Is the complex structure of $\mathbb CP^n$ unique?

Let me write this too long comment as an answer.

As abx says, what we do know is

Theorem 1. If a Kähler manifold $X$ is homeomorphic to $\mathbb{CP}^n$, then $X$ is biholomorphic to it.

This is due to Hirzebruch and Kodaira for $n$ odd (but with the strongest assumption for $X$ to be diffeomorphic to $\mathbb{CP}^n$, then relaxed to homeomorphic after work of Novikov), and to Yau for $n$ even.

For $n=2$, a stronger result holds, still proved by Yau, namely

Theorem 2. If a compact complex surface $S$ is homotopy equivalent to $\mathbb{CP}^2$, then it is biholomorphic to it.

In dimension $n\le 6$, we have instead a result due to Libgober-Wood which is stronger than Theorem 1, but weaker than Theorem 2, that states

Theorem 3. A compact Kähler manifold of complex dimension $n\le 6$ which is homotopy equivalent to $\mathbb{CP}^n$ must be biholomorphic to it.

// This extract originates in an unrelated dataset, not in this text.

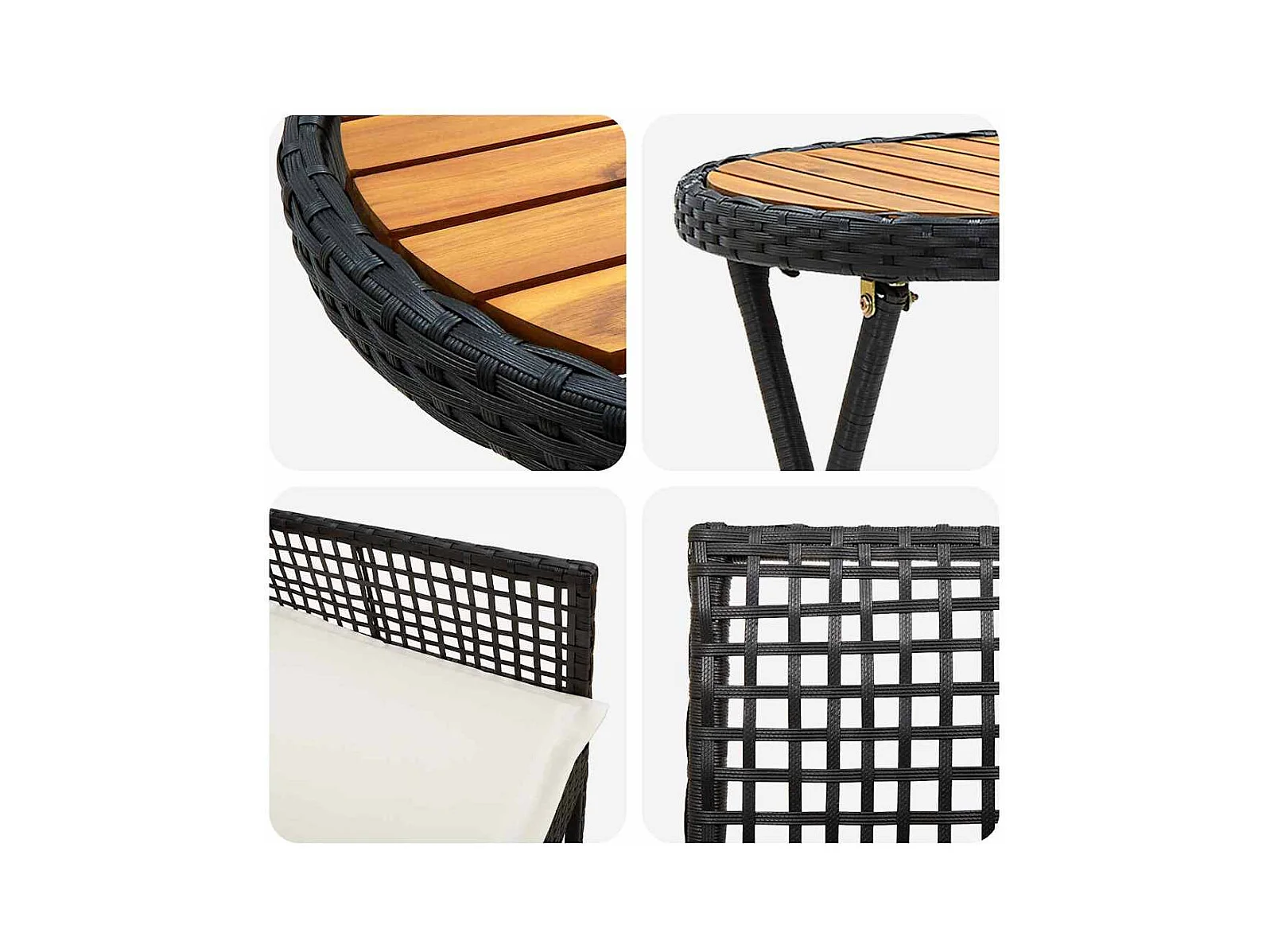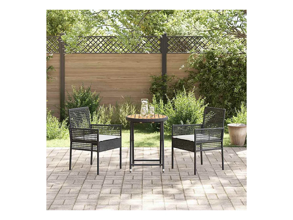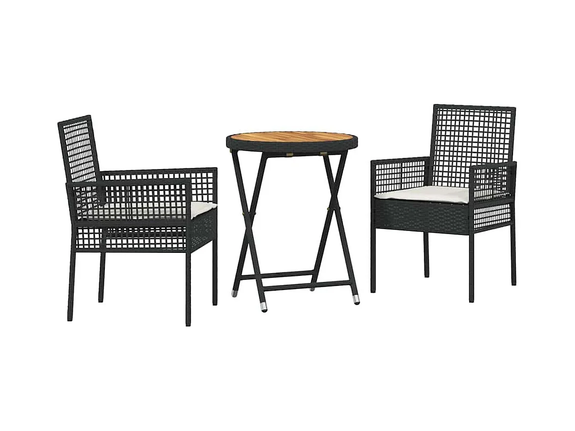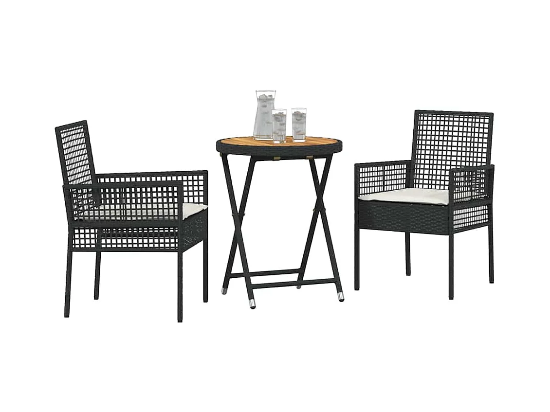 Set da bistrot da giardino 3 pezzi con cuscini in polyrattan nero

You can find all this (and much more) on the very beautiful survey by V. Tosatti available here.

I would also like to mention an interesting related result of T. Fujita (which is not cited in the referenced survey article). "On topological characterizations of complex projective spaces and affine linear spaces", Proc. Japan Acad. Ser. A Math. Sci. 56 (1980), no. 5, 231–234.

Theorem: Let X be a smooth Fano n-fold with cohomology ring isomorphic to $H^{*}(\mathbb{CP}^n,\mathbb{Z})$ and $n \leq 5$. Then $X \cong \mathbb{CP}^n$.